[RECORDED DATA]

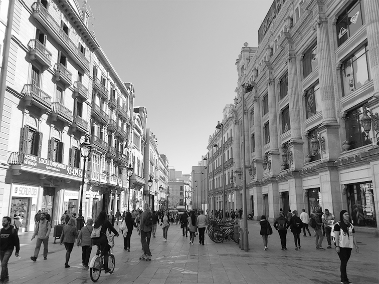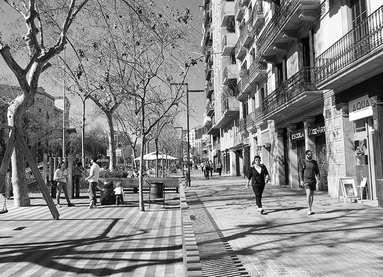 Un gran espacio público, pensamos en una plaza o en un parque, un trozo de espacio cuyo uso corresponde con la función que le adjudica su nombre, aunque no siempre es así. La calle y la acera, otro trozo de espacio asociado al lugar del auto cuando lo es también para las personas; la calle también es un espacio público. Un espacio lineal pero serpenteante, un salón longitudinal que nos conduce al portal de casa, a la frutería, a la farmacia, a la parada del bus, a la puerta del trabajo, al aparcamiento, al colegio… Si además, en esa calle hay árboles que refrescan una caminata en verano, unos bancos que le permiten a los abuelos sentarse para observar la vida pasar, y que nos permitan también sentarnos a su lado para que nos cuenten alguna anécdota mientras las personas entran y salen de las tiendas, de sus casas, y los niños juegan… hemos llegado a ese trozo de espacio donde nos gusta estar.
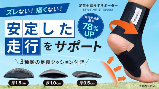 足首と土踏まずクッションのWサポートで安定した走行を実現するサポーター『STYLE ARTIST ADJUST』
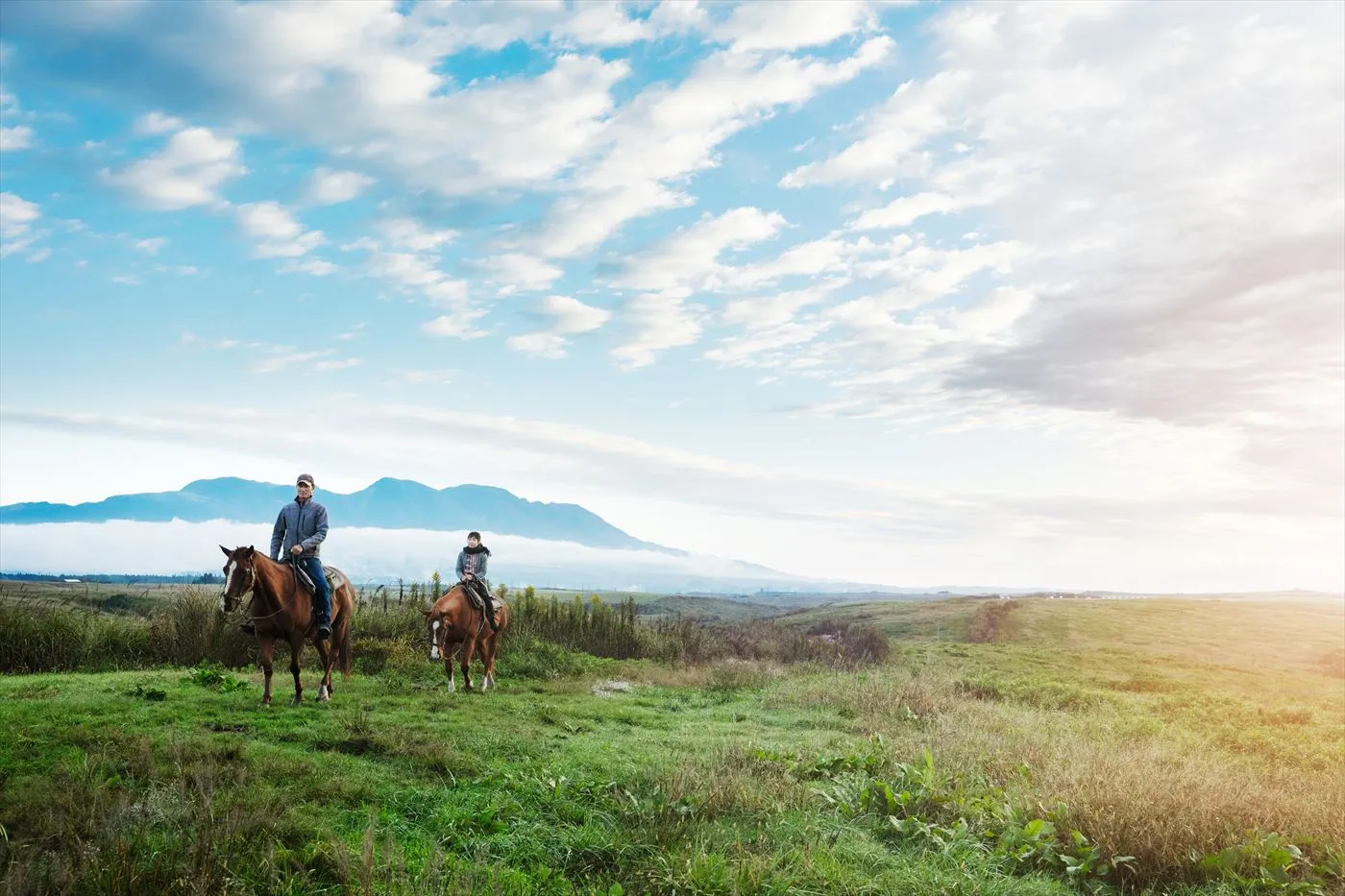 朝は広大な草原で朝日を眺める「朝焼け乗馬」がおすすめです。朝露に濡れる美しい新緑、澄んだ空気、そして馬上から見る朝日に染まる空と眼前に広がる阿蘇五岳は宿泊するからこそ、目にすることができる絶景です。乗馬後は、併設のカフェにて飲み物を提供します。いつもと違う特別な体験で母娘の会話も弾みます。
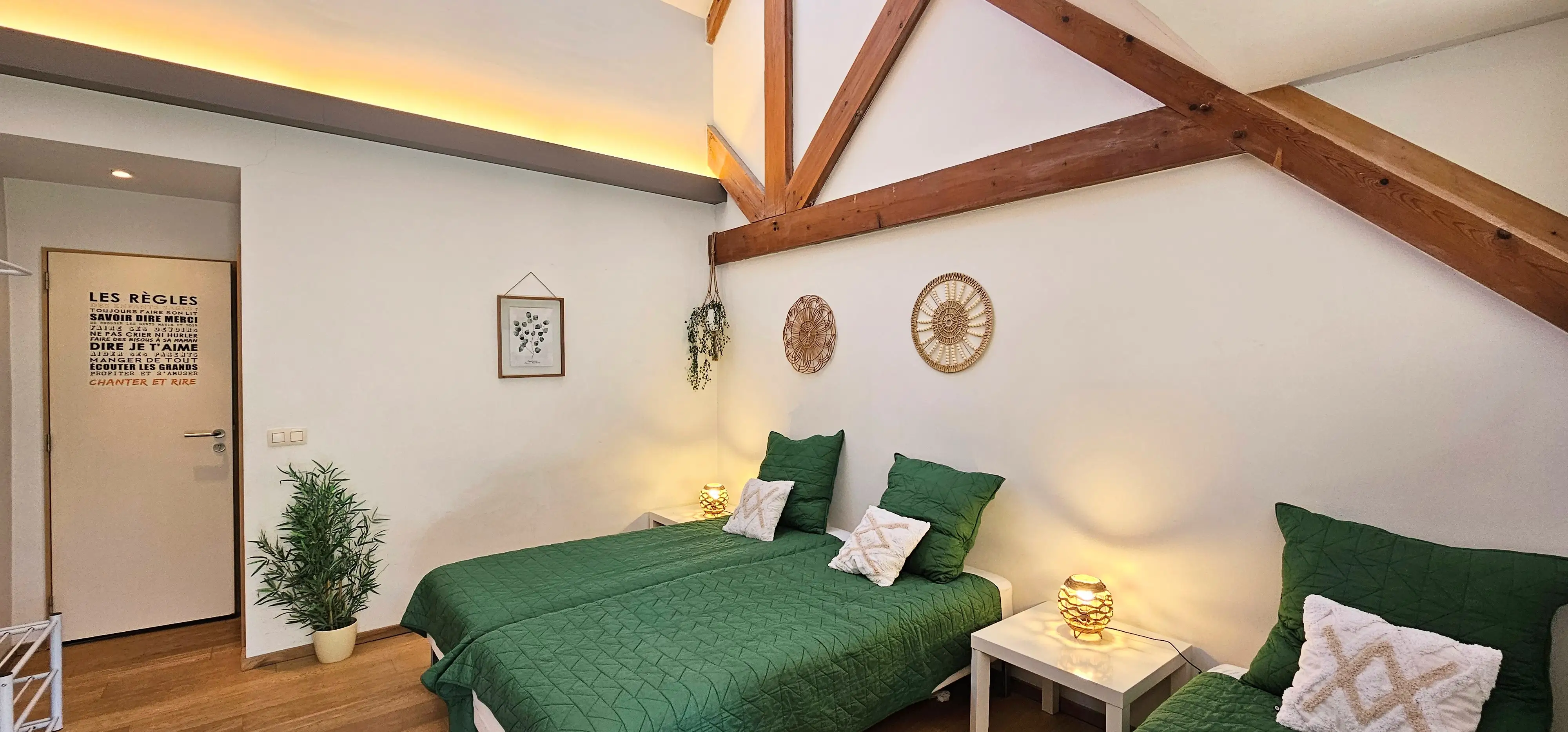Cette ancienne ferme en carré est située dans un village typique du Condroz namurois, le long de la route du fromage, à quelques kilomètres de Maffe et de Durbuy. La région est magnifique et les activités ne manquent pas à proximité: golf, golf fermier, karting, bowling, VTT… ainsi que découverte de producteurs et d’artisans locaux. Le gîte est spacieux et confortable. Les chambres sont bien isolées de la pièce de vie ce qui permet aux plus tardifs de ne déranger personne. Les jeunes enfants s’amuseront dans la zone de jeux sécurisée spécialement aménagée tandis que les ados trouveront leur place près du baby foot, du billard, de la table de pingpong ou dans le petit salon. De nombreuses promenades balisées partent du gîte traversent les bois et longent de très belles propriétés. Possibilité de louer en plus des salles de différentes styles et capacité (de 40 à 180 m²) pour y organiser fêtes, réunions et séminaires en tout genre. Sur simple demande un de nos traiteurs se fera un plaisir de vous livrer ou de vous préparer un repas sur place.
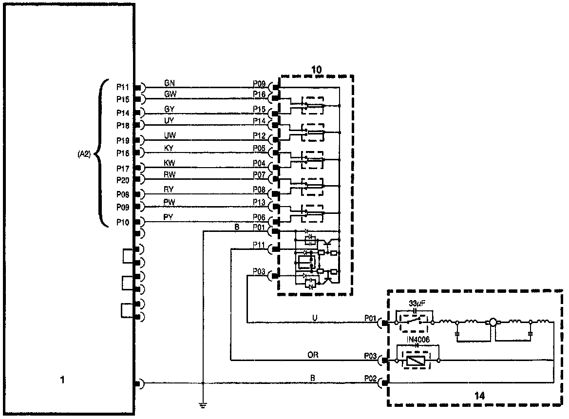c. Test the operation of the lumbar pump switches (at pins, 03 and 11) by checking that voltage on each pin toggles between ground and +12 V with each switch operation.
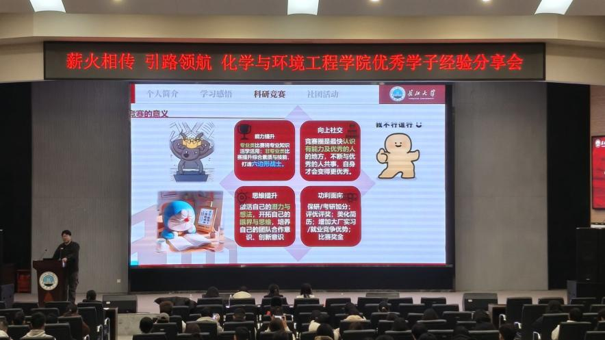 在科研与竞赛分享环节,学长学姐们详细介绍了老员工创新创业训练计划项目、全国老员工数学竞赛、化工实验技能大赛等一系列优质赛事资源与参与路径。他们建议新生提前关注公司官网及公司公告,深入了解专业老师的研究方向,结合自身兴趣主动通过邮件等方式与老师沟通,争取加入课题组、进入实验室的机会,尽早接触科研实践;同时鼓励大家打破公司壁垒,积极与外院员工交流合作、跨学科组队参赛,在思想碰撞中拓宽视野,提升团队整体竞争力。
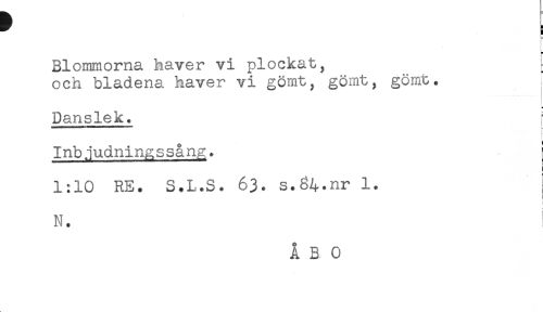 //// i //// Blommorna haver vi plockat, L //// och bladena haver vi gömt, gömt, gömt. //// Danslek. //// Inb judninR s så ng. //// 1:10 RE. S.L.S. 63. s.84-nr 1. //// N. ////
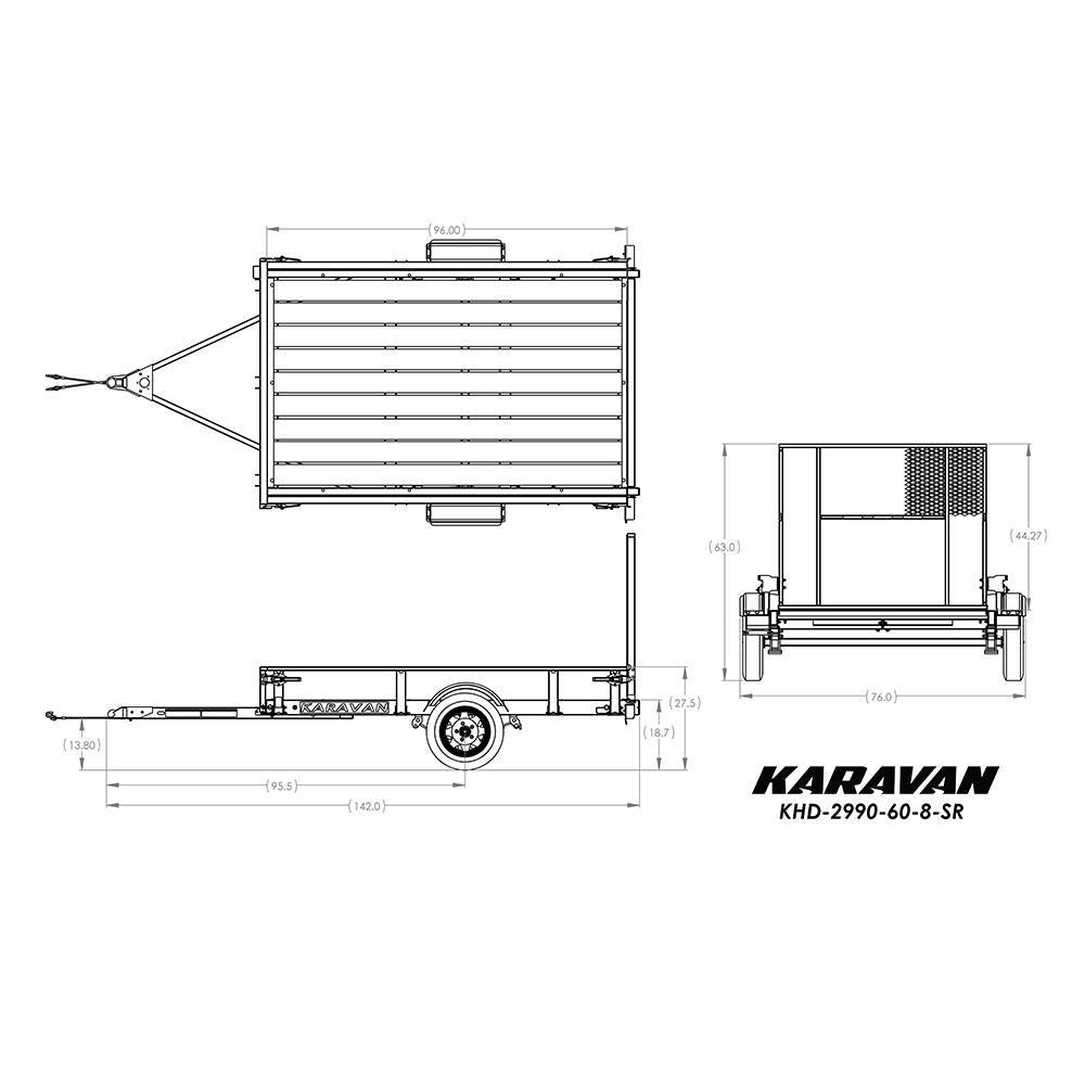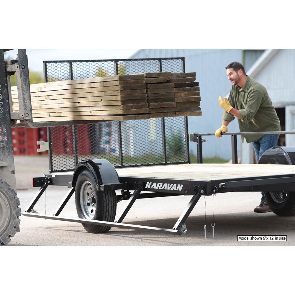 This uniquely designed 5 ft. x 8 ft. Karavan Trailer incorporates a pivoting front and side rail system with lockable latches. Pallet loads can easily be loaded from either side of the trailer by simply lowering the side rails. The system also allows for longer and wider loads.
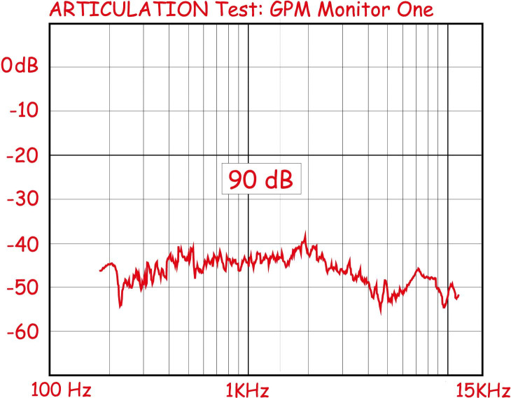Articulation Test: in questo caso la curva parte ad 85 dB ad un valore abbastanza basso, quasi -50 dB in gamma mediobassa per risalire in gamma media a circa -44 dB. Notate come il tweeter a 5000 Hz sfiori i -60 dB. All’aumentare della pressione l’andamento della curva rimane più o meno costante anche se in leggero aumento. A 95 dB siamo a cavallo dei -40 dB con un andamento molto regolare ed una discesa di altri 10 dB in gamma alta ed altissima.

[AIM OF THE EXERCISE] Retype the entries above exactly. Stop after the line containing "朝は広大な草原で朝日を眺める", and omit the pictures.

[RESULT OF THE EXERCISE]
 Un gran espacio público, pensamos en una plaza o en un parque, un trozo de espacio cuyo uso corresponde con la función que le adjudica su nombre, aunque no siempre es así. La calle y la acera, otro trozo de espacio asociado al lugar del auto cuando lo es también para las personas; la calle también es un espacio público. Un espacio lineal pero serpenteante, un salón longitudinal que nos conduce al portal de casa, a la frutería, a la farmacia, a la parada del bus, a la puerta del trabajo, al aparcamiento, al colegio… Si además, en esa calle hay árboles que refrescan una caminata en verano, unos bancos que le permiten a los abuelos sentarse para observar la vida pasar, y que nos permitan también sentarnos a su lado para que nos cuenten alguna anécdota mientras las personas entran y salen de las tiendas, de sus casas, y los niños juegan… hemos llegado a ese trozo de espacio donde nos gusta estar.
 足首と土踏まずクッションのWサポートで安定した走行を実現するサポーター『STYLE ARTIST ADJUST』
 朝は広大な草原で朝日を眺める「朝焼け乗馬」がおすすめです。朝露に濡れる美しい新緑、澄んだ空気、そして馬上から見る朝日に染まる空と眼前に広がる阿蘇五岳は宿泊するからこそ、目にすることができる絶景です。乗馬後は、併設のカフェにて飲み物を提供します。いつもと違う特別な体験で母娘の会話も弾みます。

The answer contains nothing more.